En primer lugar hay que distinguir entre el “abandono de hogar” y el “abandono de familia”, pues el simple hecho de que una de las dos partes salga del que es el domicilio habitual no implica que esté abandonando el hogar, pues una vivienda en ningún caso constituye por sí sola un hogar, irse de una vivienda no implica, necesariamente, que se esté abandonando nada. Para las leyes, el abandono no es dejar un lugar, es más el desatender las obligaciones que uno ha contraído, en definitiva rehuir las obligaciones que debe a personas a su cargo o que dependen de él, así que se puede salir de casa y seguir atendiendo todas las obligaciones que se tienen respecto de terceros. Es más, una pareja podría perfectamente vivir cada uno de ellos en un domicilio diferente sin menoscabo del matrimonio.

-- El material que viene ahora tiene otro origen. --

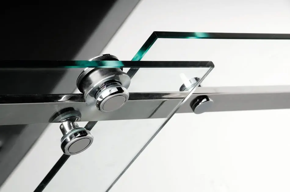 Szkło bezpieczne o grubości 8 mm. Szkło poddawane obróbce nanotechnologicznej i pokrywane dwustronnie warstwą "antidrop" zabezpieczającą osadzanie się kamienia wapiennego i osadów mydlanych w standardzie, bez dodatkowej opłaty.

Ya habiendo dejado claro que el abandono de hogar no es una figura delictiva, vayamos a entrar a fondo en lo que se considera delito de abandono de familia, hay una serie de conductas tipificadas como delito de abandono de familia en el Código Penal:

  • no cumplir con los deberes de asistencia que legalmente corresponden en casos de patria potestad, de tutela, de guarda o de acogimiento familiar,
  • dejar de dar asistencia referida al sustento de descendientes, ascendientes o el cónyuge, que estén es estado de necesidad,
  • eludir dos meses consecutivos el pago de prestación económica recogida en convenio aprobado o resolución judicial.

El Código Penal recoge el abandono de familia en los Artículos 226 al  233, estableciendo penas de prisión de hasta 4 años en los casos más graves y la privación del derecho a la patria potestad hasta 10 años.

Si deseas, puedes consultar tu caso sin ningún compromiso a través de nuestro formulario de contacto.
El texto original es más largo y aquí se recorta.